На следующий день я действительно написала Диме, и он снова сказал, что ему нужно время. В этот раз я готова была ждать. Еще через полтора дня после этого он написал мне, что он видит себя только с одним человеком, и это не я. Конец, дальше написано еще в «истории».

Теперь другая сторона тех же событий, то, как все это было с его стороны, и сейчас я знаю об этом достоверно, больше нет никаких белых пятен в моих картах событий, нет сомнений. Для Димы все началось значительно раньше. Он встречался с девушкой по имени Регина, которую даже не любил толком, по крайней мере он, вероятно, до сих пор так считает\говорит. Она всегда была недовольна тем, какой он, критиковала, наезжала за то, что он не соответствовал ее идеалам, а он укорял самого себя в том, что не может быть таким, каким его хочет видеть Регина. Он менялся, причем очень сильно. И тот Дима, в которого я влюбилась, был Димой, которым его сделала Регина. Сколько они встречались точно я не помню. Год, полтора, два. Знаю точно, что в тот момент, когда мы с ним познакомились, было полтора года с их расставания. Они продолжали все это время общаться, а он сублимировал, задротничал в учебе, и ждал, когда она вернется, надеялся на это. Это были полтора года его депрессии. И тут появилась я, похожая и одновременно не похожая его бывшую девушку, целеустремленная, оптимистичная, активная, дредастая, улыбчивая и заинтересованная в нем. Первый месяц отношений все было ровно так, как я и писала: взаимность с двух сторон, он чувствовал и переживал то же самое, что и я, переживал наше «мы», любил меня всем сердцем и душой. «Мы» было единым. Потом ему призналась в любви Регина. Он засомневался, и любой бы на его месте заколебался. Он любил меня, но получил то, чего так долго ждал и хотел. Его ожидание закончилось, но он колебался: «а как же Полина?». Это продолжалось в течение трех недель, а мои слова о его слабости и о том, что мне не нужен такой парень, послужили для него толчком к действиям. Он сделал свой выбор, и никто не в праве его за это осуждать. Даже я.
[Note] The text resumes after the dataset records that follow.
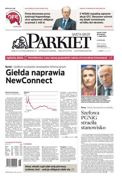 Spółkom przybędzie obowiązków informacyjnych – giełda naprawia NewConnect; Wyżnikiewicz: losy naszej gospodarki zależą od prywatnej konsumpcji; firma kierowana przez Andrzeja Rogowskiego chce uplasować obligacje za ponad 1 mld zł; z WIG20 wypadną zapewne akcje GTC, Boryszew uchroni się dzięki wzmożonym od kilku dni obrotom; szefowa PGNiG straciła stanowisko.
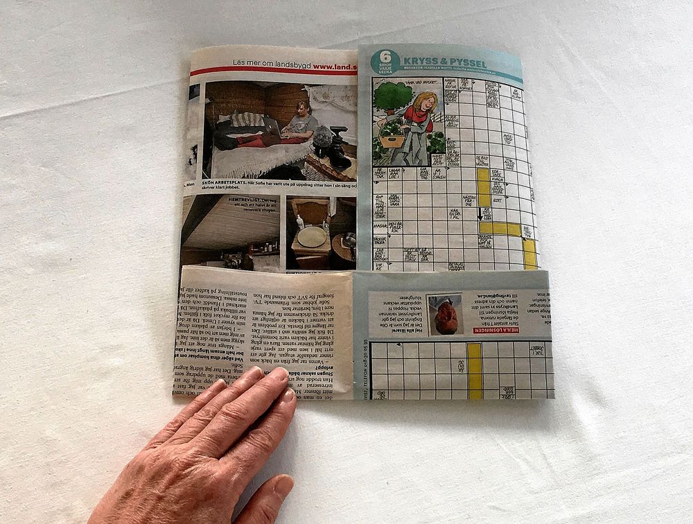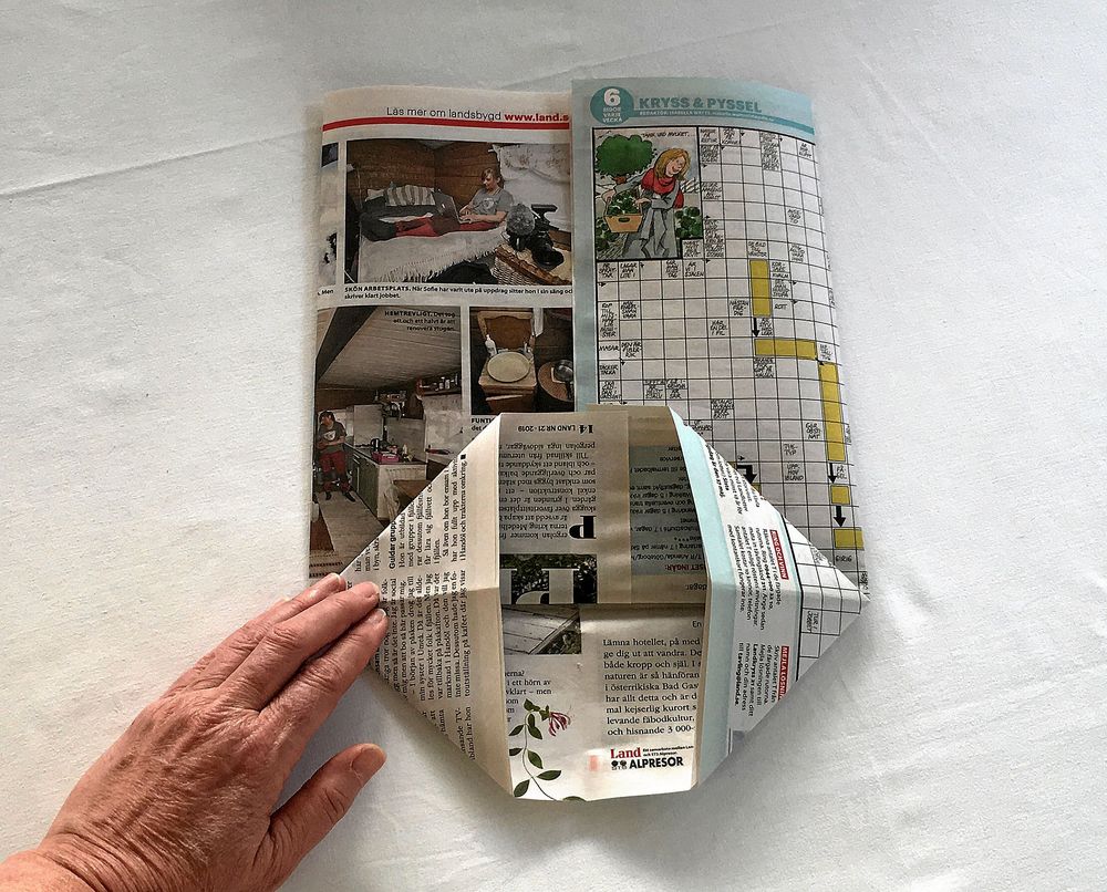 Material: En tidning och lim. Limstift, papperslim eller lite trälim blandat med lite vatten funkar bra. Det kan också vara bra att ha en klammerborttagare.
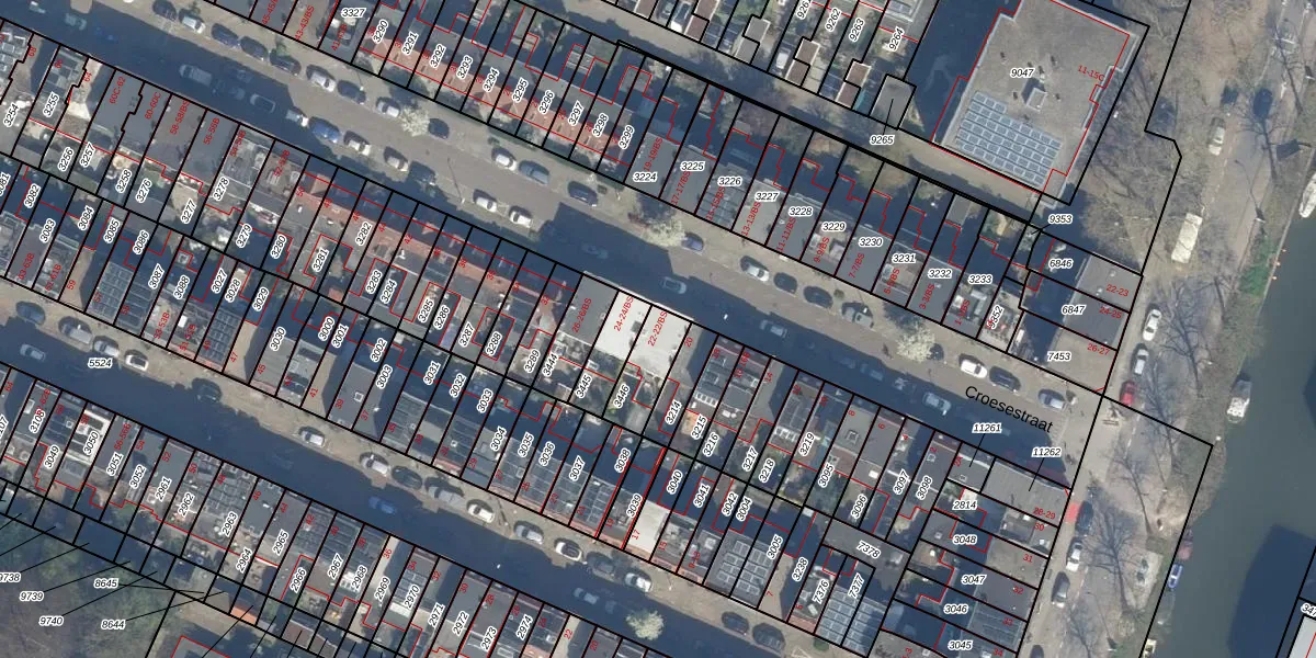 Croesestraat 22-BS is gelegen op kadastraal perceel CTR00D3446. Deze kadastrale aanduiding is uniek en wordt gebruikt door het Kadaster om eigendomsrechten en andere zakelijke rechten vast te leggen. Het perceel maakt onderdeel uit van de kadastrale gemeente Catharijne.
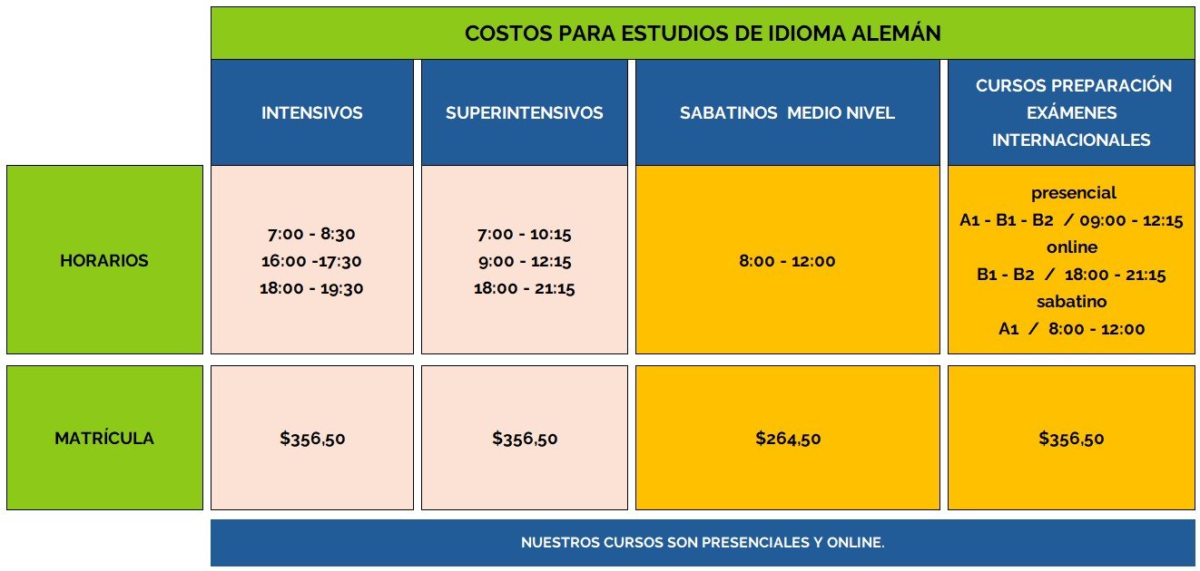 El Instituto ofrece cursos intensivos, superintensivos y sabatinos. Para los alumnos con excelente rendimiento, otorga becas del Instituto Goethe para estudios del idioma en Alemania.
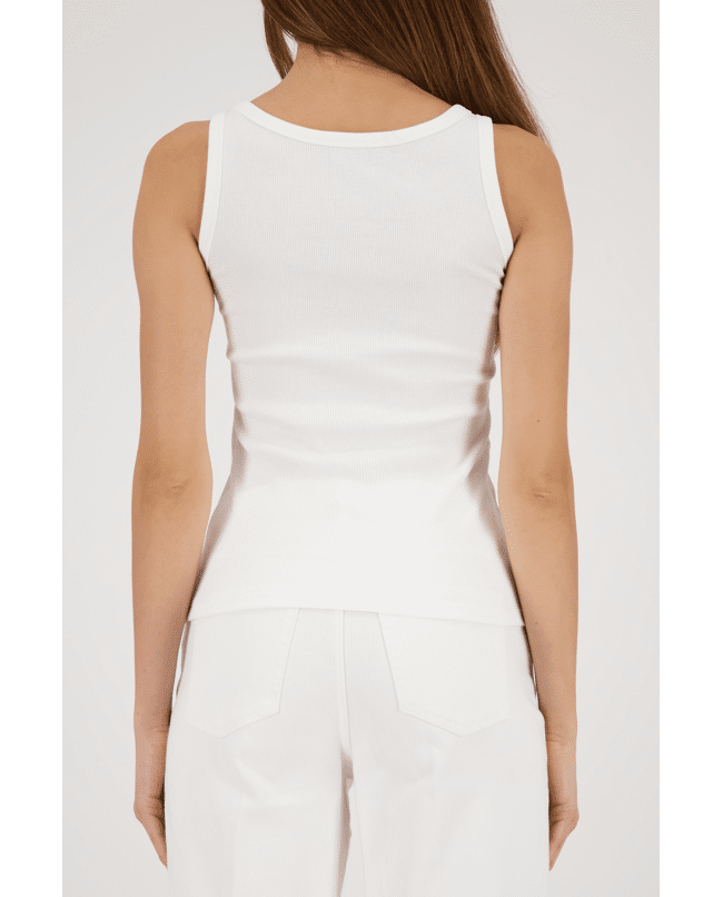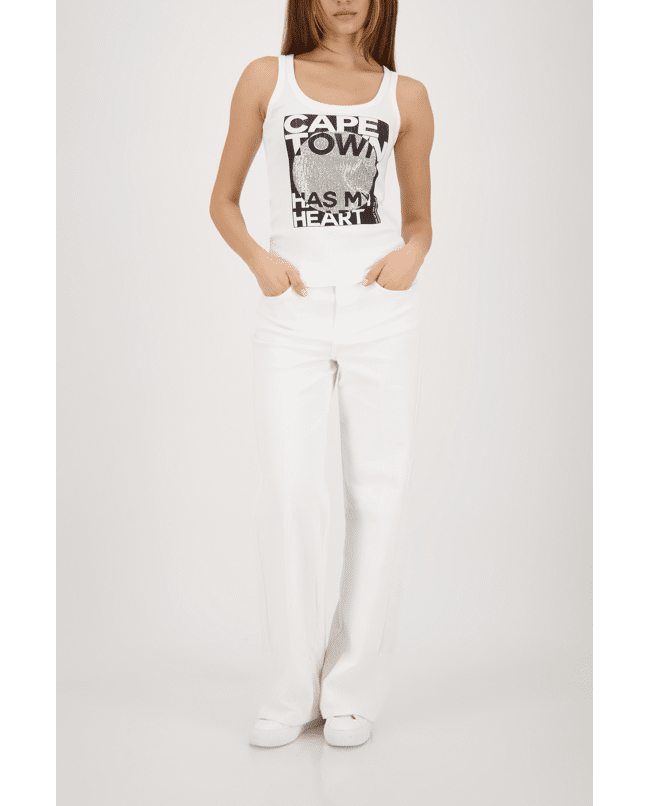 Deze witte rib singlet met “Cape Town” print geeft je outfit een frisse, moderne twist. Perfect voor zomerse dagen of als layering piece onder een blazer.
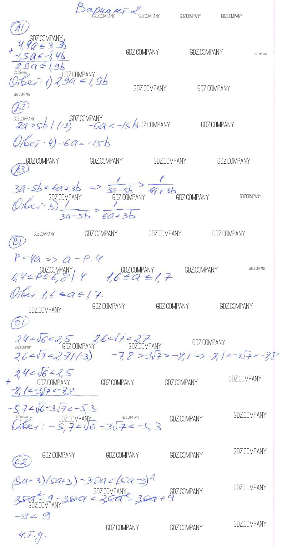 Здесь готовые ответы по Алгебре за 8 (восьмой) класс от Глазков, Гаиашвили Самостоятельные и контрольные работы УМК (издательство: Экзамен от 2012 г.) № 2
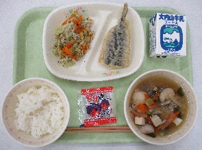 今日の献立は、「ご飯・牛乳・ゴマつくね焼き・まごわやさしい煮・豆乳汁」です。ごまつくね焼きは、鶏ひき肉を使いました。えのきたけと玉ねぎをみじん切りにし、鶏肉と混ぜ、調味料を合わせます。小判型に形成し上にゴマをのせて焼きました。あっさりとした味で、でもコクや深みもあり、何個でも食べれそうでした。副菜の煮物は、新メニューで、「まごわやさしい」とは、健康的な食生活を目指すために摂り入れたい7つの和の食材の頭文字を並べた語呂合わせです。大豆+ごぼう+ひじき+にんじん+ツナ+椎茸+さつまいもを炒め煮しました。豆乳汁は、みそ汁に豆乳を入れることで、味噌の使用量を減らすことができます。健康や美容に良いといわれる「大豆イソフラボン」をたっぷりとれました。
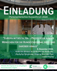Am 5. Dezember 2024 um 13 Uhr findet das Parlamentarische Europaforum der JEF Deutschland und der Europa-Union Parlamentariergruppe im Deutschen Bundestag statt. Unter dem Titel „Europa mitgestalten…
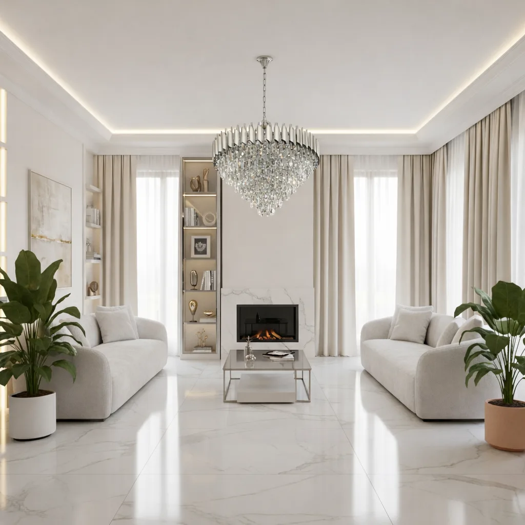 Lamelele exterioare argintii încadrează perfect cascada densă de cristale K9, multiplicând reflexiile și oferind o iluminare omogenă. Este piesa ideală pentru interioarele de lux care mizează pe tonuri neutre, unde se dorește un impact vizual puternic fără a încărca decorul cu culori stridente.
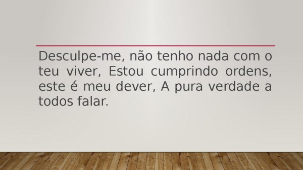 - Desculpe-me, não tenho nada com o teu viver, Estou cumprindo ordens, este é meu dever, A pura verdade a todos falar.
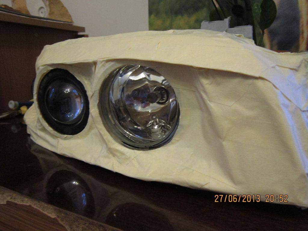 Вобсчем, неспешно, продам наверное свою модульную оптику из данного проекта. Фары собраны в корпусе АГ второго поколения, переделаны под корректор, изготовлена маска из стеклопластика (по маске есть косячки, надо дошпаклевать и дошкурить.), модули оригенальные HELLA. Ценник видиться в районе 12т.р. (поворотники в комплект не входят, потому как зделаны стрёмно  ) Как то так  .
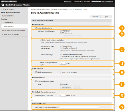 LDAP sunucusu anonim erişime izin verecek şekilde ayarlanmışsa, LDAP sunucusuna anonim erişime izin vermek için onay kutusunun işaretini kaldırın. Kimlik doğrulaması için ad ve parola kullanırken onay kutusunu seçip [Kullanıcı Adı:] ve [Parola:] değerlerini girin.

После этого он начал встречаться с Региной, но опять были истерики, претензии, что он не идеален, что он не такой, каким хочет видеть своего парня Регина. Через какое-то время он понял, что ожидал и хотел совсем не этого и расстался с девушкой. Освободившись от того, что его очень долго тяготило, он стал меняться. Он начал тусоваться с одной компанией, ездить на вписки и даже то ли один, то ли несколько раз дунул. Первый раз накурила его я еще тогда, когда мы встречались. У Димы полностью изменилось восприятие окружающего мира, он стал чувствовать природу, волны вселенной. Весной он заплел дреды. Свои, настоящие, и доплел канеколоном, чтобы была длина.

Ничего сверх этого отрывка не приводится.